(Records from a data source)

*** Block opens ***

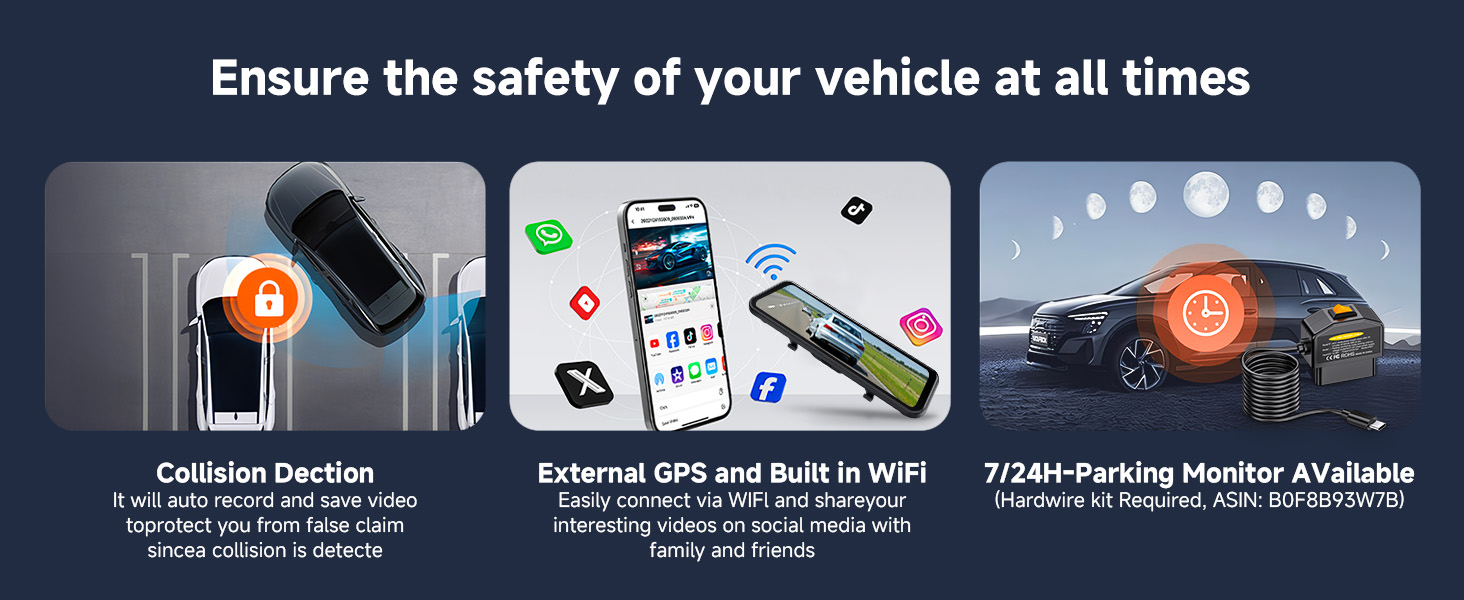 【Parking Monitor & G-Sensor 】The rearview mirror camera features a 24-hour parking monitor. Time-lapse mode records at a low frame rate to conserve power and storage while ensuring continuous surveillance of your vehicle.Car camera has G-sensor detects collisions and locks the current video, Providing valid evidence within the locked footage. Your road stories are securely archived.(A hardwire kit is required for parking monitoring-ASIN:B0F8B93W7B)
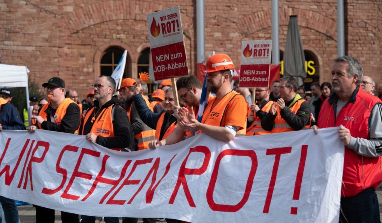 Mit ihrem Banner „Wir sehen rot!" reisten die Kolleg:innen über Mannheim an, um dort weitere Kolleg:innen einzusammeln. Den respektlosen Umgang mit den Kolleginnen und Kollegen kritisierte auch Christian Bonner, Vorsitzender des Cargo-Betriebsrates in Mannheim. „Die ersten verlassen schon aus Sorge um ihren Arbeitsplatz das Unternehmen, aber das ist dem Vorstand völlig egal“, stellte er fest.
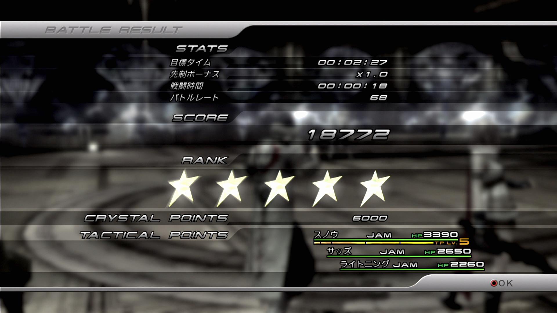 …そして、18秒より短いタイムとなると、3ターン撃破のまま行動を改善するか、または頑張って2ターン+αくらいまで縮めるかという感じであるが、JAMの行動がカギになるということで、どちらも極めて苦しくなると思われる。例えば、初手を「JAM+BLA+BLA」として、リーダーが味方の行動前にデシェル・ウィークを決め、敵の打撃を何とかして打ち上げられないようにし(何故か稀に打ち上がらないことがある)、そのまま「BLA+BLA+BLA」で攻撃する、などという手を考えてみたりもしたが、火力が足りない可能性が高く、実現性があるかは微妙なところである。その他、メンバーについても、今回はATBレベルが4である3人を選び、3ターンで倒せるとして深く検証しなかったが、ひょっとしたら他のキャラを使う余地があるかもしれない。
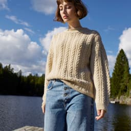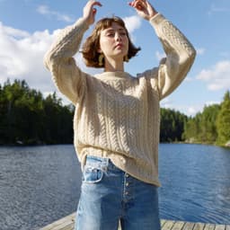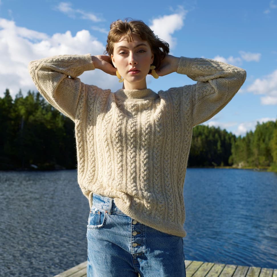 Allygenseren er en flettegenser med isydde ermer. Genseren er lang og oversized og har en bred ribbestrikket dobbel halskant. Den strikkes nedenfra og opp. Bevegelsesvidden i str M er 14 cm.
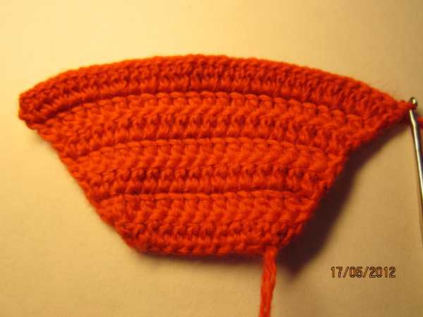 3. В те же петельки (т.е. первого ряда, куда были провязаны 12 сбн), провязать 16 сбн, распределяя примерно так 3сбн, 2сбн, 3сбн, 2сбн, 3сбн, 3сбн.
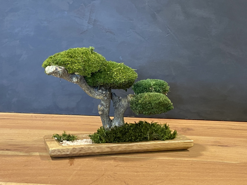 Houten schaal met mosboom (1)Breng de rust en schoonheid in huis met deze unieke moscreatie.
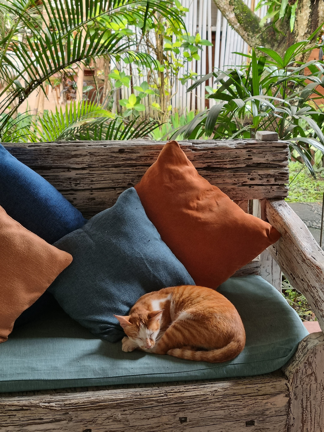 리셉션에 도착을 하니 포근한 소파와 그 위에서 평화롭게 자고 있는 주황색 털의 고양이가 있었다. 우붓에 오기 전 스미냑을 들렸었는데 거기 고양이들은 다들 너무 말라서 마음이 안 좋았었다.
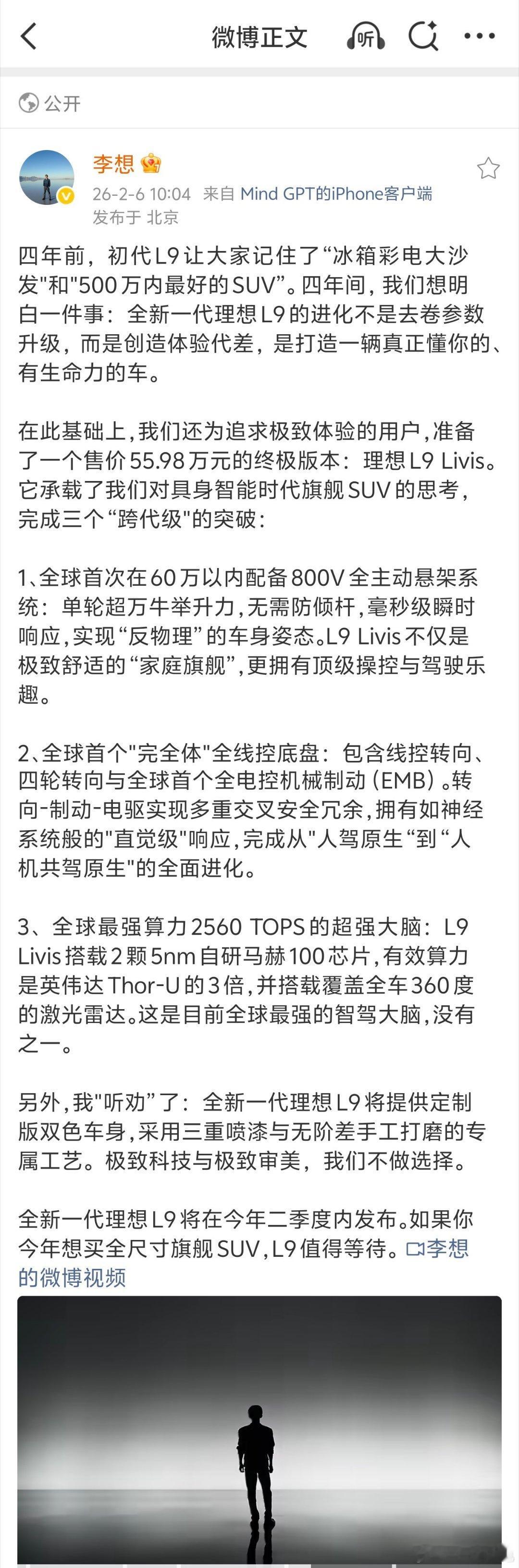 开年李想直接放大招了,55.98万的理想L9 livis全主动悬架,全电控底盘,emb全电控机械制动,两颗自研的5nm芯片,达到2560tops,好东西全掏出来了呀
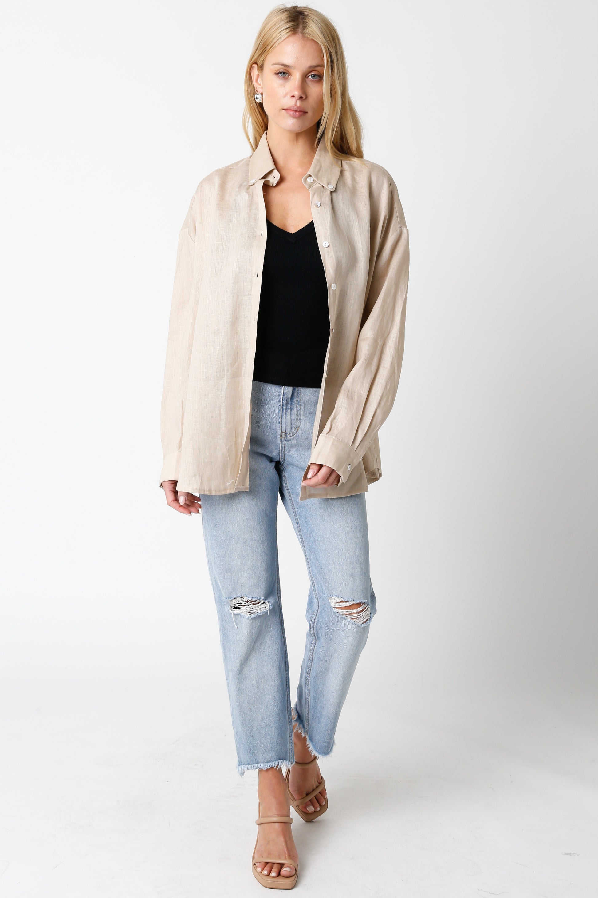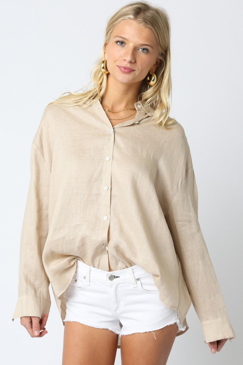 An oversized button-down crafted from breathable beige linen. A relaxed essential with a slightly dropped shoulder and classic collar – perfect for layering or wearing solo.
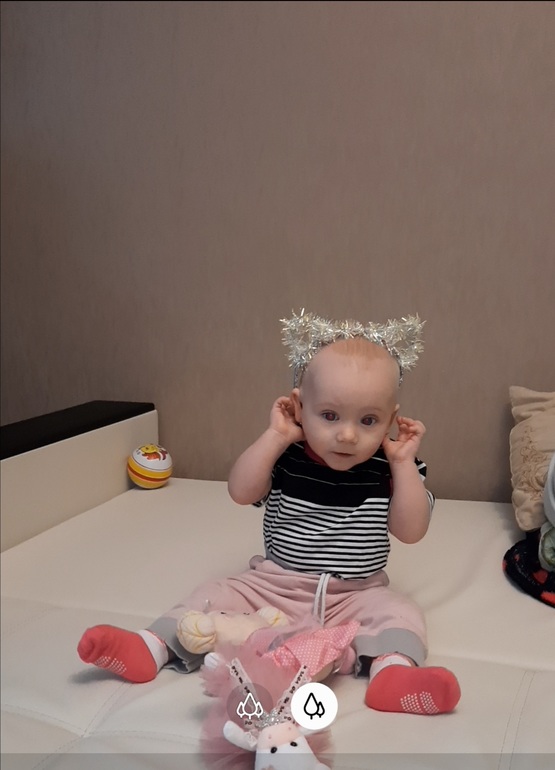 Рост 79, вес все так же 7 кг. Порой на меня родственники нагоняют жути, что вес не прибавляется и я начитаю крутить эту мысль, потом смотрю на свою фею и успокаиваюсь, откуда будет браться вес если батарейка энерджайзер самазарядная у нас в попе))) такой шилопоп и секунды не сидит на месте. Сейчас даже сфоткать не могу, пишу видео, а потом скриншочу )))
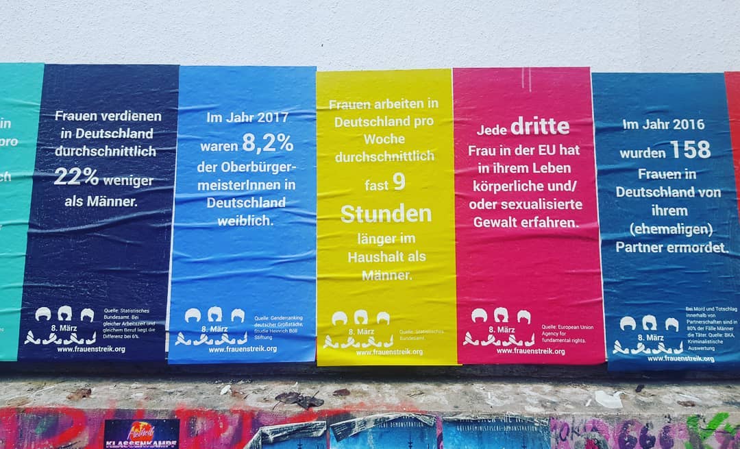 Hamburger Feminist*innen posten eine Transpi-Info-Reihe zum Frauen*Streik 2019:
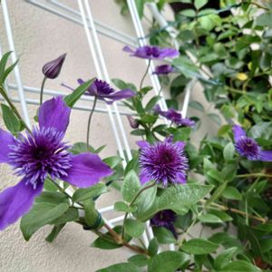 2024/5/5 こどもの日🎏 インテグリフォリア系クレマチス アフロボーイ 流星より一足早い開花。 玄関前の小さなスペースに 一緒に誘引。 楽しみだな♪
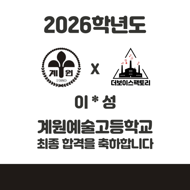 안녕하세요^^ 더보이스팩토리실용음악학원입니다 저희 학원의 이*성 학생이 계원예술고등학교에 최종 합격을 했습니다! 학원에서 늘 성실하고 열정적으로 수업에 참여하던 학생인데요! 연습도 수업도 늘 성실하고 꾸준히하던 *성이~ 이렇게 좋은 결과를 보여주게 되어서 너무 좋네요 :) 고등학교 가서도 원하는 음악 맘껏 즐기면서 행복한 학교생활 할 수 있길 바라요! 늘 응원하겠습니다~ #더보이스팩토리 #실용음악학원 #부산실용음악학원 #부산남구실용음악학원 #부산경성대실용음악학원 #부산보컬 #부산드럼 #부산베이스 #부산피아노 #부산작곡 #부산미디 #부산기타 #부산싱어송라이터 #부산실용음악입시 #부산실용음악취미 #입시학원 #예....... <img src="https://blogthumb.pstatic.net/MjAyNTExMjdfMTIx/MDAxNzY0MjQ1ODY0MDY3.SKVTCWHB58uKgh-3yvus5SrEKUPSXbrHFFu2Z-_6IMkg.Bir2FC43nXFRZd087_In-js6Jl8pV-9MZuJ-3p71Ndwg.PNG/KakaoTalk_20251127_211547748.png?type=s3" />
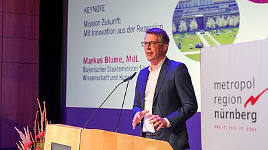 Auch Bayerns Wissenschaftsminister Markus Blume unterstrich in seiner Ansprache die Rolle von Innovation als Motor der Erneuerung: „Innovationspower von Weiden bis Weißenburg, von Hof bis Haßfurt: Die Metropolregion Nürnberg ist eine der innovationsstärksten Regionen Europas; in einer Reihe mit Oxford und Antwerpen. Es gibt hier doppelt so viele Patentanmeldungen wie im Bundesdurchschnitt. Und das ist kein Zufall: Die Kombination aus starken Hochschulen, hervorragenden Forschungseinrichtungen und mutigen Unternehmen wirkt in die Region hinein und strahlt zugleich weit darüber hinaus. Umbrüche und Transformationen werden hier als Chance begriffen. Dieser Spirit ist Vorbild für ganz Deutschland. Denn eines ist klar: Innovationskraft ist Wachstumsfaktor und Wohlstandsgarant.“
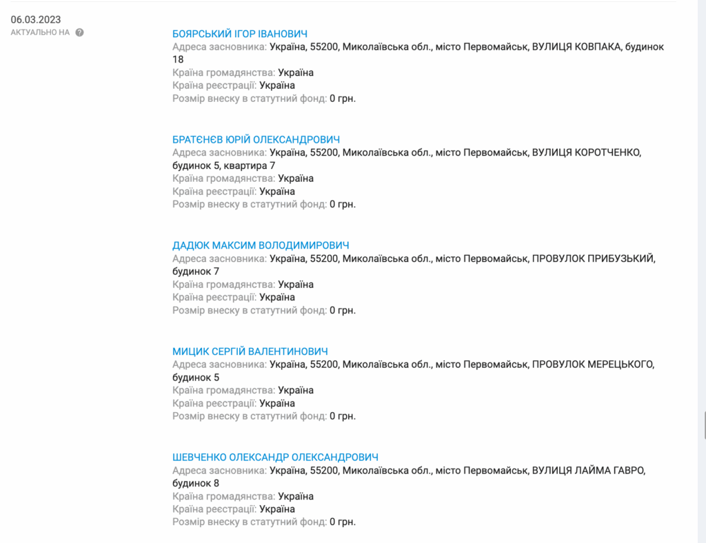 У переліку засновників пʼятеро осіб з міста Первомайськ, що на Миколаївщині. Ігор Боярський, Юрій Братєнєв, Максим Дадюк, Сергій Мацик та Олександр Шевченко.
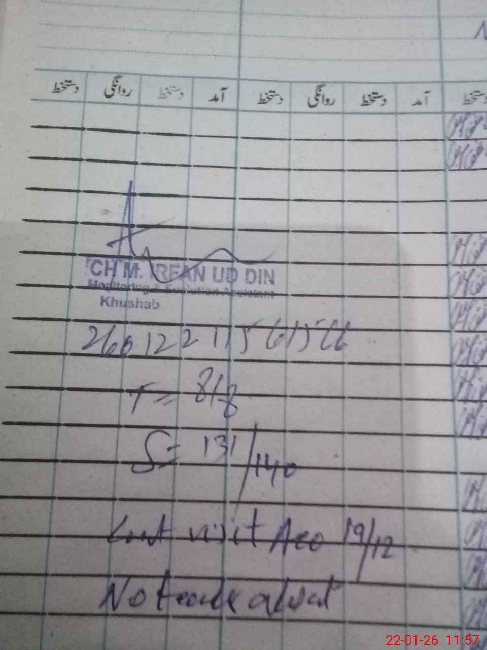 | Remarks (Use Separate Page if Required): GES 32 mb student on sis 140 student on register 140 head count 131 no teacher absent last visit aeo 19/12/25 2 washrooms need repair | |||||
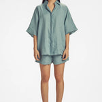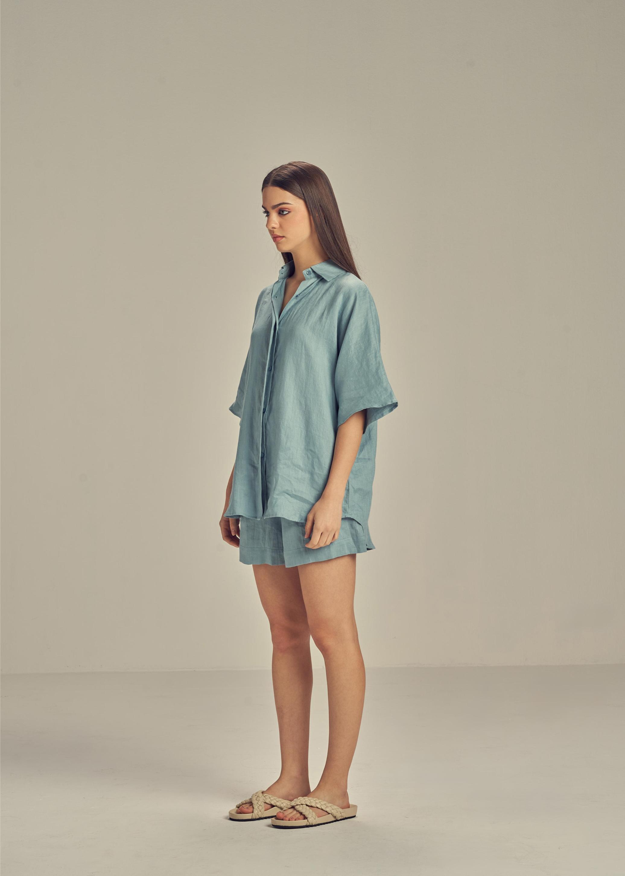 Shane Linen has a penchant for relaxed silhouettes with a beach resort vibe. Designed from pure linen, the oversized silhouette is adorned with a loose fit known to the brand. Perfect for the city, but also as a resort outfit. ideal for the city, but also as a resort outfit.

*** Block closes ***

| Directions for this task |
Begin at the line in the entries above that has "Hamburger Feminist*innen posten", stop after the line that has "안녕하세요^^ 더보이스팩토리실용음악학원입니다 저희", and output exactly those lines without pictures.

| Result |
 Hamburger Feminist*innen posten eine Transpi-Info-Reihe zum Frauen*Streik 2019:
 2024/5/5 こどもの日🎏 インテグリフォリア系クレマチス アフロボーイ 流星より一足早い開花。 玄関前の小さなスペースに 一緒に誘引。 楽しみだな♪
 안녕하세요^^ 더보이스팩토리실용음악학원입니다 저희 학원의 이*성 학생이 계원예술고등학교에 최종 합격을 했습니다! 학원에서 늘 성실하고 열정적으로 수업에 참여하던 학생인데요! 연습도 수업도 늘 성실하고 꾸준히하던 *성이~ 이렇게 좋은 결과를 보여주게 되어서 너무 좋네요 :) 고등학교 가서도 원하는 음악 맘껏 즐기면서 행복한 학교생활 할 수 있길 바라요! 늘 응원하겠습니다~ #더보이스팩토리 #실용음악학원 #부산실용음악학원 #부산남구실용음악학원 #부산경성대실용음악학원 #부산보컬 #부산드럼 #부산베이스 #부산피아노 #부산작곡 #부산미디 #부산기타 #부산싱어송라이터 #부산실용음악입시 #부산실용음악취미 #입시학원 #예....... <img src="https://blogthumb.pstatic.net/MjAyNTExMjdfMTIx/MDAxNzY0MjQ1ODY0MDY3.SKVTCWHB58uKgh-3yvus5SrEKUPSXbrHFFu2Z-_6IMkg.Bir2FC43nXFRZd087_In-js6Jl8pV-9MZuJ-3p71Ndwg.PNG/KakaoTalk_20251127_211547748.png?type=s3" />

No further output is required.